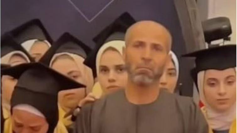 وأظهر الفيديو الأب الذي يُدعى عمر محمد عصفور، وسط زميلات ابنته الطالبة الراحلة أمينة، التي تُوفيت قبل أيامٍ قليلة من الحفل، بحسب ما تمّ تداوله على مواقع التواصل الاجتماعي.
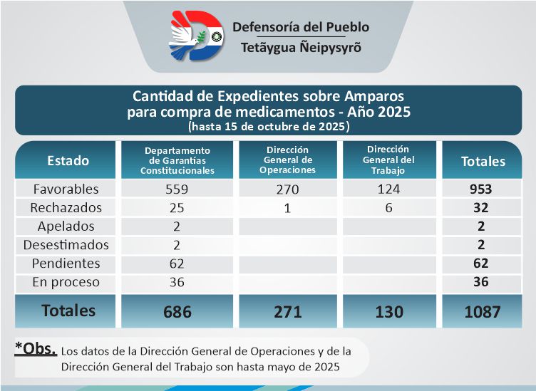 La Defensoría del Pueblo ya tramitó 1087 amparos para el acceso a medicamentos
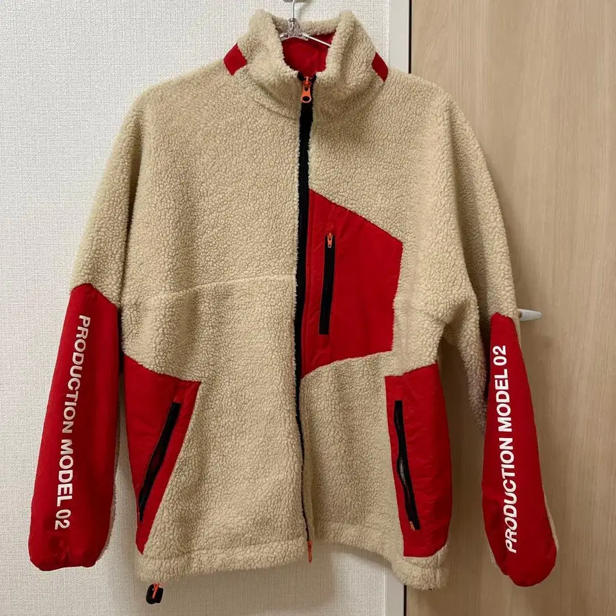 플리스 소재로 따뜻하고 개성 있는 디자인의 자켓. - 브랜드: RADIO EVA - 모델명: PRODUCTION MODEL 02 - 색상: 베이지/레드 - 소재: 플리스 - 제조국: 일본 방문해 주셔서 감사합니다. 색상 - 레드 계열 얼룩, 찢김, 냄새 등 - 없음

▶ _WHAT TO PRODUCE_: Output all the material above exactly once more, leaving every picture out.

▶ _TASK RESPONSE_:
 وأظهر الفيديو الأب الذي يُدعى عمر محمد عصفور، وسط زميلات ابنته الطالبة الراحلة أمينة، التي تُوفيت قبل أيامٍ قليلة من الحفل، بحسب ما تمّ تداوله على مواقع التواصل الاجتماعي.
 La Defensoría del Pueblo ya tramitó 1087 amparos para el acceso a medicamentos
 플리스 소재로 따뜻하고 개성 있는 디자인의 자켓. - 브랜드: RADIO EVA - 모델명: PRODUCTION MODEL 02 - 색상: 베이지/레드 - 소재: 플리스 - 제조국: 일본 방문해 주셔서 감사합니다. 색상 - 레드 계열 얼룩, 찢김, 냄새 등 - 없음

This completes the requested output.